Выбрать главу

— Вас спрашивают, господин подпоручик, — прервал молчание телефонист. — Ротный.

Начальство поздравило с первым успехом и распорядилось, чтобы подпоручик лично отконвоировал пленного в село Голица, в штаб роты.

И вот уже подпоручик жандармерии Цветан Цветков торопливо шагает по лесной тропе. Шагах в десяти позади него со связанными за спиной руками в сопровождении двух жандармов идет его бывший школьный товарищ Цонко Николов. О соблюдении дистанции предусмотрительно распорядился сам взводный, хотя, казалось бы, чего ему опасаться? О чем могли говорить офицер жандармерии и пленный партизан? Сейчас они были по разные стороны баррикады: один — «защитник царя и отечества», другой — «рушитель государственных устоев». Но воспоминания о былом продолжали преследовать подпоручика, не давали ему покоя, ему никак не удавалось отогнать их. Для себя он решил, что больше не взглянет на пленного, ни одним словом не обмолвится с ним. Но не выдержал. Не прошли и километра, как Цветков резко повернулся и, крепко сжимая в руках автомат, преградил дорогу пленному. Жандармы оторопело остановились.

— Зачем встал на моем пути? — сорвался на крик подпоручик. — Зачем? Мало тебе места было в лесу? Посмотри кругом — всюду свободно…

— Откуда мне было знать, где свободно, — ответил Цонко. — Теперь-то знаю, но уже поздно. Так что тебе решать.

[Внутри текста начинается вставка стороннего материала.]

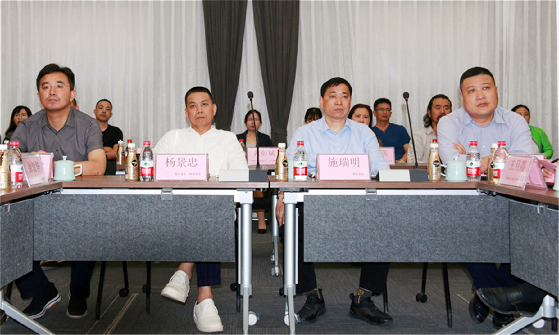 ▲從左至右:商會(huì)執(zhí)行會(huì)長(zhǎng)楊勤偉、楊景忠,商會(huì)會(huì)長(zhǎng)施瑞明、商會(huì)黨支部書(shū)記張國(guó)富出席交流分享會(huì)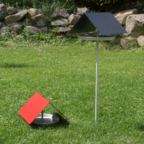 Metalowy, malowany proszkowo - w 3 kolorach daszka: antracytowym, czerwonym i ciemnym zielonym.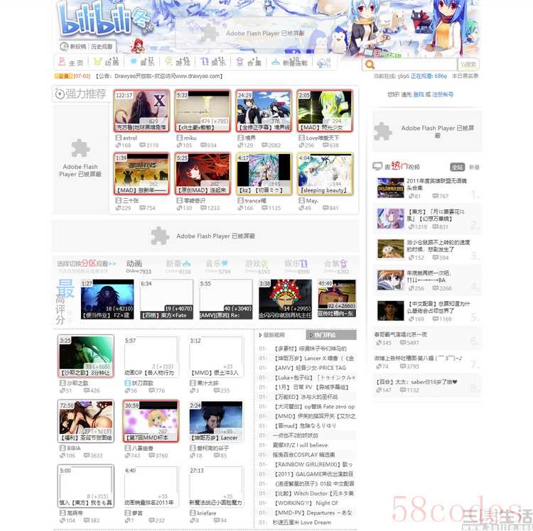 上图是2011年8月31日0点23分06秒的B站,可以看到,当时的其只有“动画”、“音乐”、“游戏”、“娱乐”、“合集”,与“新番连载”等少数几个分区。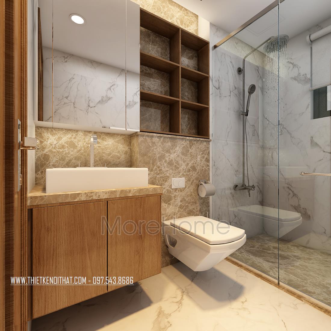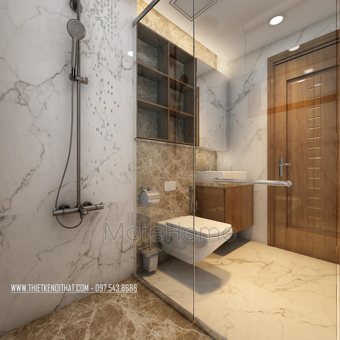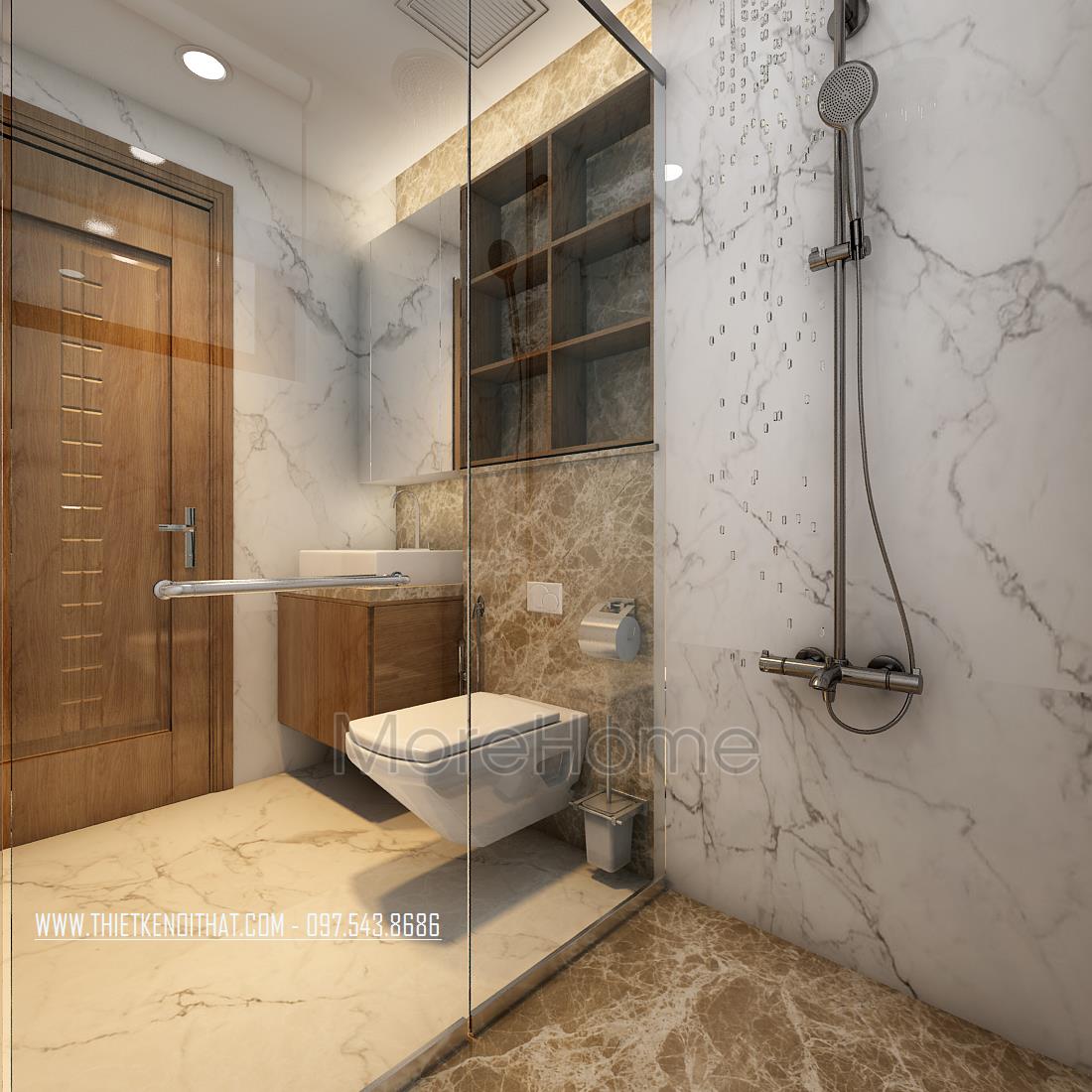 Cuối cùng là thiết kế nội thất nhà vệ sinh hiện đại, sang trọng. Với đầy đủ các thiết kế nội thất vệ sinh tiện nghi, căn phòng mang nhỏ mang đến sự hài lòng cho bất kỳ gia chủ nào. Nhờ thiết kế ứng dụng các vật liệu nhẹ như kính cường lực, gỗ tự nhiên, đá vân sáng màu, giúp tạo độ phản chiếu vừa phải cho không gian, vừa tăng tính thẩm mỹ cho thiết kế lại giúp không gian trở nên mở và tạo cảm giác cơi nới cho phong hẹp.

Лишь на мгновение их взгляды встретились. Подпоручик не выдержал. Холодный пот выступил у него на лбу, он пошатнулся и каким-то чужим голосом скомандовал:

— Охрана, дистанция десять шагов позади меня — марш!

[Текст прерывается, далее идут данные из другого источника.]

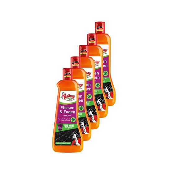 POLIBOY Fliesen & Fugen Reiniger - Bodenreiniger mit Oxy-Power für Fliesen - Wischkonzentrat für innen und aussen - 5x 500 ml - Made in Germany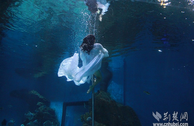 An underwater pole dance show is held at Wuhan Polar Ocean World, Aug. 14, 2015. The performer was Zhang Mingli, who is a polar dance instructor. She said it is much harder to perform pole dance under water since the pressure was difficult to control. (Photo/Cnhubei.com)
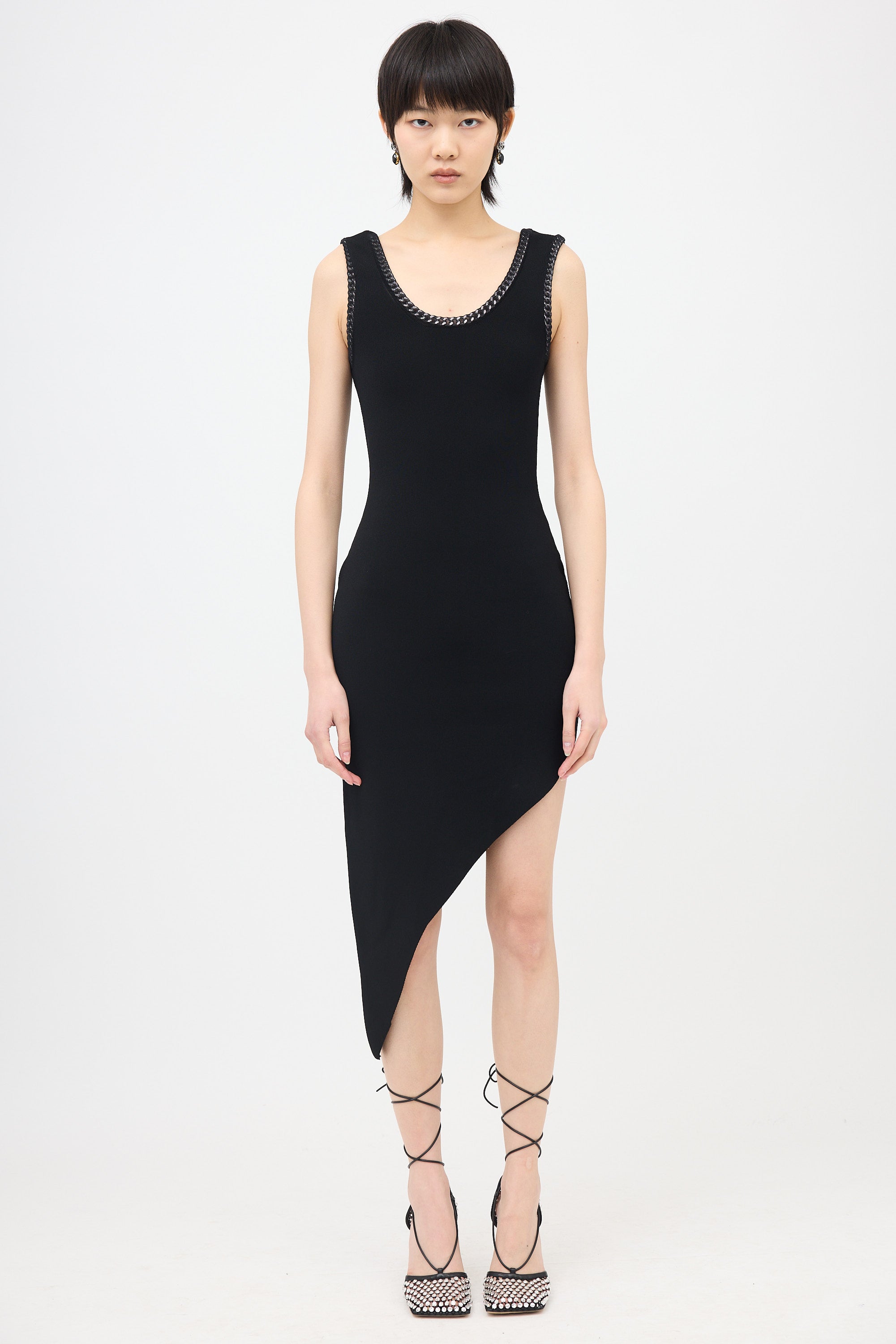 Pre-owned Alexander Wang black knit dress featuring a chain link trim with mesh covering, round neckline, and asymmetrical hem.

Дня через два после этого командир роты пригласил Цветкова к себе на обед в штаб в селе Голица. Любезность ротного не вызвала у приглашенного особого восторга: он понимал, что обед является только предлогом. К тому же Цветкову стало известно, что утром в штабе побывал командующий армией генерал-лейтенант Христов. «Зачем я им понадобился? — размышлял подпоручик. — Возможно, хотят услышать от меня, что за человек Цонко. Расскажу им все как есть, надеюсь, поймут. Отправят Цонко в тюрьму — и делу конец».

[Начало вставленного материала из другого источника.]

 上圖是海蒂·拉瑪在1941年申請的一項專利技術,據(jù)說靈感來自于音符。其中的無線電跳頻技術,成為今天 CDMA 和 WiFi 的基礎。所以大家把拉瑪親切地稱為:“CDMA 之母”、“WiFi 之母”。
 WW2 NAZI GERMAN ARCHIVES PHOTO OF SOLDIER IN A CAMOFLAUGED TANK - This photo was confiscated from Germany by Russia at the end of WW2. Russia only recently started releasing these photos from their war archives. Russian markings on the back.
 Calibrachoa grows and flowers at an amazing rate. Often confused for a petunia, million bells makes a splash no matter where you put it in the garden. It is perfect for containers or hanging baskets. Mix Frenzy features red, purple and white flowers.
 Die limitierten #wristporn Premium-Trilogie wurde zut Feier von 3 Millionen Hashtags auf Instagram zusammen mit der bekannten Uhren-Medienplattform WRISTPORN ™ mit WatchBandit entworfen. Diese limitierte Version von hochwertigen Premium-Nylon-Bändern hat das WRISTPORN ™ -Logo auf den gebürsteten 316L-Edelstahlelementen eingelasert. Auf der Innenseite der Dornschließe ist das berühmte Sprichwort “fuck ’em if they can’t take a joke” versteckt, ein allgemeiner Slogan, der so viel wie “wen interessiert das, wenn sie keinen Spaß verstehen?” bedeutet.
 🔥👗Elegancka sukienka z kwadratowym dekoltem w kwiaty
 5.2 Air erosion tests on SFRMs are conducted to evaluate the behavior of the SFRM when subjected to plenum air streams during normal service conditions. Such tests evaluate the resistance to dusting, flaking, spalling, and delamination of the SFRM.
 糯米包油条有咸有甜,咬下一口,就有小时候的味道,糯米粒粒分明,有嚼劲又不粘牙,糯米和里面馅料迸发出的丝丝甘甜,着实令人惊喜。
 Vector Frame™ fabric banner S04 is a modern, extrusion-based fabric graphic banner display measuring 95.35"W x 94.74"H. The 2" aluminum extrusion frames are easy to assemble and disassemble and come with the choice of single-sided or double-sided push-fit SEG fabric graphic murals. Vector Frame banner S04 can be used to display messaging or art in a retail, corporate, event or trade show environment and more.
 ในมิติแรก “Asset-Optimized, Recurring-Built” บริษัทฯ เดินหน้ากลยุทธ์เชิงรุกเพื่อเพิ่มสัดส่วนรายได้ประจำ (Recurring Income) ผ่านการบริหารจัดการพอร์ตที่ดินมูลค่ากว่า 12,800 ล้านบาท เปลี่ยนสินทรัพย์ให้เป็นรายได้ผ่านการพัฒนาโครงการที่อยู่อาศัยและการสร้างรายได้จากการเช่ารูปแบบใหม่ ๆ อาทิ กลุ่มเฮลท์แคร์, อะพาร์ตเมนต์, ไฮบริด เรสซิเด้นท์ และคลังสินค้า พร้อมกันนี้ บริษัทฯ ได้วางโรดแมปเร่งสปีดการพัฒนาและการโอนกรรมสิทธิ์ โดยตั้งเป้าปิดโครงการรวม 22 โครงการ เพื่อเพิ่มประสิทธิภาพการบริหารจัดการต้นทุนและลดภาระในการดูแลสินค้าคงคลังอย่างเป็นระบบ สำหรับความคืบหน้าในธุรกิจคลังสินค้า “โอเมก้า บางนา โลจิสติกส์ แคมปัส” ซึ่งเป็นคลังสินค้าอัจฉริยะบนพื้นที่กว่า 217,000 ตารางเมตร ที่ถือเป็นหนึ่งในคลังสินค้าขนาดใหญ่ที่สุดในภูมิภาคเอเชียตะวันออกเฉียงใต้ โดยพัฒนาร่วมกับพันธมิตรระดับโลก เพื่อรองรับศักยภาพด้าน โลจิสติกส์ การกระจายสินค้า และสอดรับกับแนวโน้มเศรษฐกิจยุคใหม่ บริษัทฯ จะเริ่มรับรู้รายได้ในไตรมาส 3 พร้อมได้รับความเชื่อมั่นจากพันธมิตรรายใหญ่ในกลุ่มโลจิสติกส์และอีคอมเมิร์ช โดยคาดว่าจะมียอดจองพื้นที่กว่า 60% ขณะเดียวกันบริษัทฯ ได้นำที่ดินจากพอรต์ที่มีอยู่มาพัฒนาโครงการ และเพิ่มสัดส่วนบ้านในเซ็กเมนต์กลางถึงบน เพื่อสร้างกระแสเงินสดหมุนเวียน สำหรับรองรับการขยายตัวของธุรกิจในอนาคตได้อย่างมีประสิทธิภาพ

Ротный встретил своего подчиненного притворной улыбкой:

— Еще раз поздравляю. Наконец-то и ты окрещен. Осталось лишь совершить миропомазание.

Сели за стол. Повар превзошел себя. Все, что могла родить земля в этом диком горном крае, стояло на столе, приготовленное сообразно вкусу ротного. Гость ожидал, что ротный сам начнет разговор, но тот молчал, словно забыв о подпоручике, и лишь старательно пережевывал пищу. Цветков не выдержал и, нарушая военный этикет, произнес:

— С тем… мы с ним были одноклассниками…

— Знаю, — откликнулся ротный, — за одной партой сидели.

— Видите ли, господин поручик, — оживился Цветан, — человек он, в общем-то, неплохой…

— Знаю, коммуниста хотел из тебя сделать…

— Какого уж там коммуниста… А когда же его отправят в Бургас, господин поручик? Ведь, кажется, есть такой приказ?

— А ты что, хочешь сопровождать его? — поинтересовался ротный.

— Нет, не хочу, — пробормотал Цветков, — нет смысла.

— Вот и я думаю, что нет смысла. Отправим, а суд возьмет да и оправдает его. И гоняйся за ним опять по горам. — Ротный пристально взглянул на своего подчиненного и твердым тоном, как и подобает начальнику, произнес: — Генерал Христов был здесь. Распорядился пленного сегодня расстрелять. И ликвидируешь его ты, таков приказ.

— Как, без суда? И почему я?

— Обсуждать здесь нечего. Приказ номер двадцать шесть вам известен, подпоручик. Через час доложите мне о выполнении. И помните — лично вы!

В полдень солнце в горах печет сильнее, чем в долине. Расстегнув воротничок и крепко сжимая автомат, шагал по дороге подпоручик. Позади под охраной двух жандармов шел пленный партизан. В нескольких сотнях метров от села Цветков приказал охране остановиться, а сам вместе с пленным прошел вперед. Он не хотел, чтобы были свидетели, тем более его подчиненные. В любого другого он и глазом не моргнув выпустил бы пулю. В бою у Дюлино он доказал это. Не зря его хвалил поручик Стефанов. Но сейчас пусть лучше охрана стоит в сторонке, чтобы никто не заметил мертвенную бледность его лица.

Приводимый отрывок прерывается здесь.